What, then, is a fair judgment? This is what I think: The LDP now holds 267 seats (including the speaker), which is 16 more than the 251-seat majority; any action by the Diet is determined by the majority; it follows, therefore, that if the number of seats won by the ruling party in the next general election falls short of that majority even by one or two seats, Obuchi should step down from the party presidency and resign as prime minister. The key number, therefore, is the majority of 251.

Although much will depend on future developments in the political scene, it appears unlikely that the LDP will suffer a crushing defeat in the next general election by losing 16 or more of the incumbents, thus failing to secure a majority. Should the ruling party lose 16 or more seats, which other party would gain seats?

In the extraordinary session of the Diet to be convened this fall, a law will be passed to reduce the number of proportional-representation seats in the House of Representatives by 50, from the next general election. This will put New Komeito, the Japanese Communist Party and the Democratic Party of Japan at a disadvantage.

New Komeito has 13 members elected from individual constituencies and 29 in proportional-representation, while the respective figures for the JCP are two and 24. These figures show that these two parties depend on proportional-representation. That is why they are against the proposal to reduce the proportional representation seats by 50, as favored by the LDP and the Liberal Party.

If the number of the proportional-representation seats is indeed reduced by 50 prior to the next general election, New Komeito and the Communists will find it difficult to increase their seats in the Lower House. Their losses will probably result in additional gains by the Liberal Democrats in proportional representation. The popularity of the DPJ, the top opposition party, is far short of spectacular. In the previous election, the Democrats won 46 seats in single-seat constituencies and 47 in proportional representation. This indicates that they, too, are relying on proportional representation, though to a smaller extent than New Komeito or the JCP, and that the proposed 50-seat reduction would affect them adversely, giving a better chance for the Liberal Democrats to gain seats.

The Liberal Party, meanwhile, now has 25 members of the Lower House elected in constituencies and 14 in proportional representation. The present popularity of that party seems to preclude any sharp increase in their House seats in proportional representation.

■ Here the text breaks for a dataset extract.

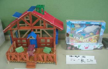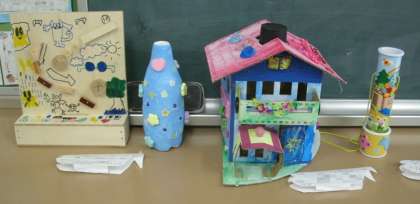 夏休み中に子どもたちが制作した工作の作品、各教室に展示されているすべての作品を紹介することができないのは残念ですが、どれも、子どもたちの頑張りが感じられる作品ばかりでした。子どもたちの頑張りに「拍手」です。

Thus, judging from the results of the previous general election, it appears highly unlikely that the LDP will lose many seats in the next election, even though its coalition with the LP and New Komeito is not very popular. In other words, the number of seats to be won by the Liberal Democrats will not be much less than the present 267. If that is the case, Prime Minister Obuchi will not be held responsible, and will remain in power with greater confidence than ever.

If the LDP succeeds in winning the same number of seats as today or more, that might result in the LP and New Komeito losing their seats, in which case blame may be placed on Ichiro Ozawa and Takenori Kanzaki, the heads of the respective parties. As a result, the governing coalition may collapse.

Because the Liberal Democrats do not have a majority in the House of Counselors, however, they need cooperation from the LP and New Komeito. Without their cooperation, legislative bills submitted by the government would be rejected in the Upper House, making it difficult for the ruling party to steer the Diet proceedings.

If this situation occurs, what sort of combination will come out among the LDP, the LP, New Komeito and the DPJ?